## [YOUR TASK]
Your answer should be an exact copy of all the entries, free of pictures.
****************
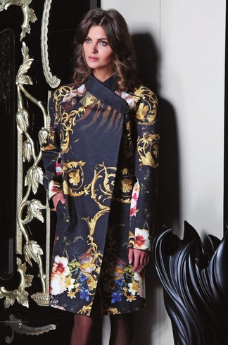 Эксклюзивная модель из новой коллекции итальянского брэнда Dino Chizari - плащ-пальто прямого кроя с модным эффектным воротником запашного кроя, что позволит варьировать с вариантами стиля верха модели. Воротник имеет застежку на пуговицу, ниже идет скрытая застежка до самого низа. Уникальный принт, сочетающий цветочный принт и фантазийный "золотистый" орнамент создает неординарный и притягательный образ.
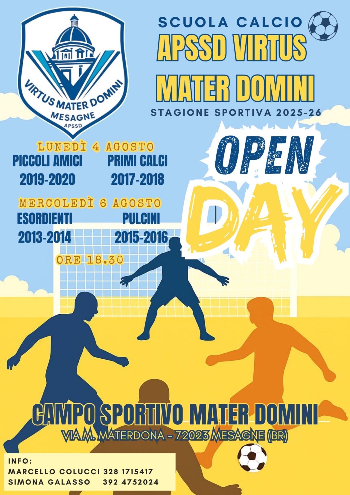 La scuola calcio APSSD Virtus Mater Domini di Mesagne è lieta di annunciare l’Open Day per la stagione sportiva 2025-2026, che si terrà presso il Campo Sportivo Mater Domini (Via …
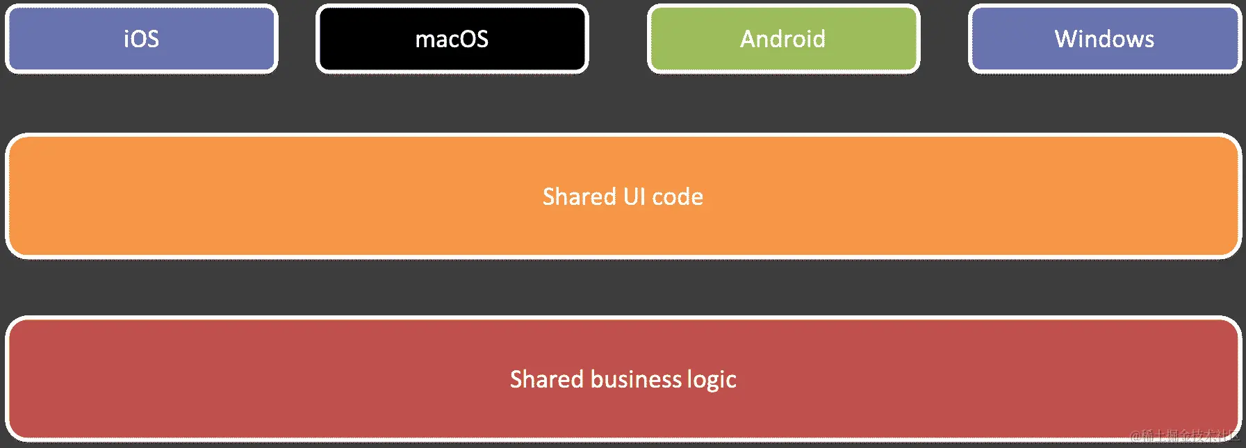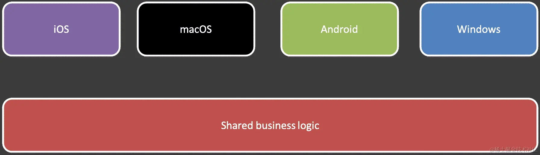 跨平台的代码共享将导致更短的开发时间。这也将导致更高质量的应用程序,因为我们只需要编写一次业务逻辑的代码。出现错误的风险会降低,我们还能够保证计算将返回相同的结果,无论用户使用什么平台。
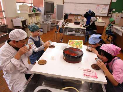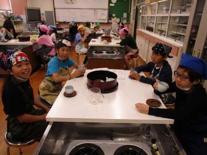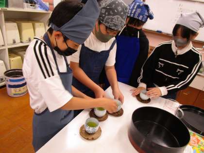家庭科の授業で、初めて家庭科室を使いました。ガスコンロの使い方とお茶のいれ方を学びました。お茶をいただいて「まろやかで美味しかった。」「少し苦かった。」と様々な感想がありました。これからも家庭科室で調理実習をしたり裁縫をしたりするのが楽しみですね。
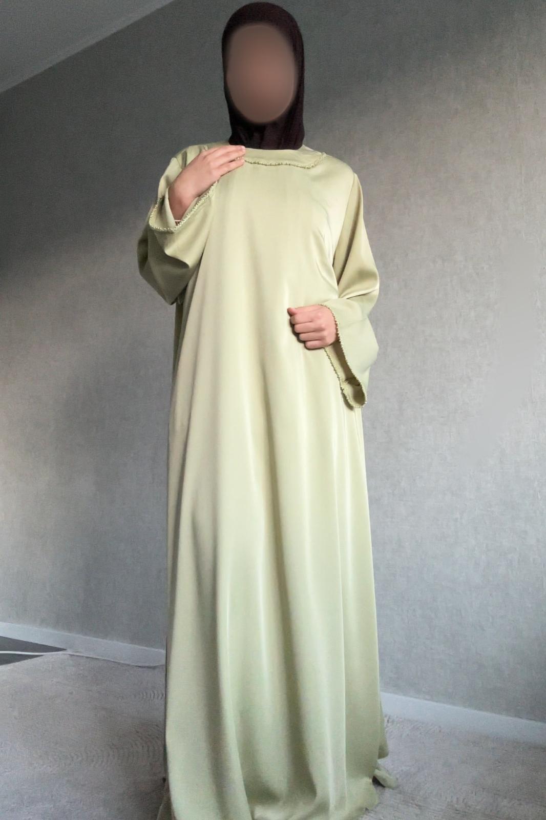 Deze prachtige dames abaya straalt eenvoud, elegantie en comfort uit. De jurk is uitgevoerd in een zachte groen tint en heeft een tijdloos, minimalistisch ontwerp dat perfect is voor zowel speciale gelegenheden als dagelijks gebruik.
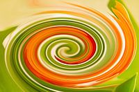 Deze swirl is ontstaan door een foto van een oranje tulp. Een tulpenblaadje en het blad zijn nog een beetje herkenbaar.
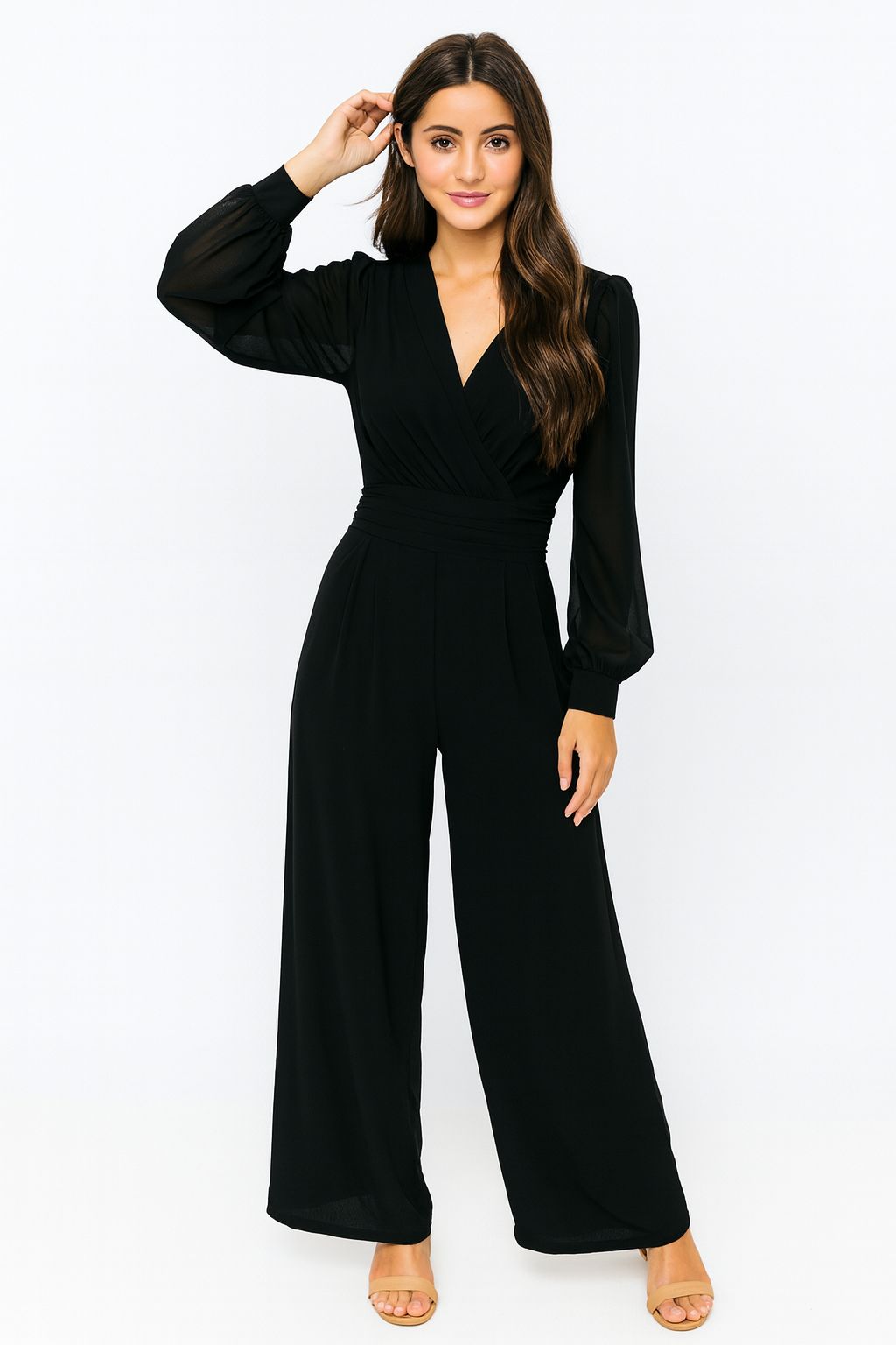 - Questa elegante tuta nera è il capo perfetto per chi desidera uno stile raffinato e senza tempo. Grazie al suo taglio morbido e ai pantaloni ampi, slancia la figura ed è ideale per sentirsi comode ma sempre chic. La caratteristica che la rende unica è la fusciacca in vita, e le maniche a palloncino di jorjett, che sottolinea le forme e dona un tocco di femminilità in più.
****************
## [WRITTEN REPLY]
 Эксклюзивная модель из новой коллекции итальянского брэнда Dino Chizari - плащ-пальто прямого кроя с модным эффектным воротником запашного кроя, что позволит варьировать с вариантами стиля верха модели. Воротник имеет застежку на пуговицу, ниже идет скрытая застежка до самого низа. Уникальный принт, сочетающий цветочный принт и фантазийный "золотистый" орнамент создает неординарный и притягательный образ.
 La scuola calcio APSSD Virtus Mater Domini di Mesagne è lieta di annunciare l’Open Day per la stagione sportiva 2025-2026, che si terrà presso il Campo Sportivo Mater Domini (Via …
 跨平台的代码共享将导致更短的开发时间。这也将导致更高质量的应用程序,因为我们只需要编写一次业务逻辑的代码。出现错误的风险会降低,我们还能够保证计算将返回相同的结果,无论用户使用什么平台。
家庭科の授業で、初めて家庭科室を使いました。ガスコンロの使い方とお茶のいれ方を学びました。お茶をいただいて「まろやかで美味しかった。」「少し苦かった。」と様々な感想がありました。これからも家庭科室で調理実習をしたり裁縫をしたりするのが楽しみですね。
 Deze prachtige dames abaya straalt eenvoud, elegantie en comfort uit. De jurk is uitgevoerd in een zachte groen tint en heeft een tijdloos, minimalistisch ontwerp dat perfect is voor zowel speciale gelegenheden als dagelijks gebruik.
 Deze swirl is ontstaan door een foto van een oranje tulp. Een tulpenblaadje en het blad zijn nog een beetje herkenbaar.
 - Questa elegante tuta nera è il capo perfetto per chi desidera uno stile raffinato e senza tempo. Grazie al suo taglio morbido e ai pantaloni ampi, slancia la figura ed è ideale per sentirsi comode ma sempre chic. La caratteristica che la rende unica è la fusciacca in vita, e le maniche a palloncino di jorjett, che sottolinea le forme e dona un tocco di femminilità in più.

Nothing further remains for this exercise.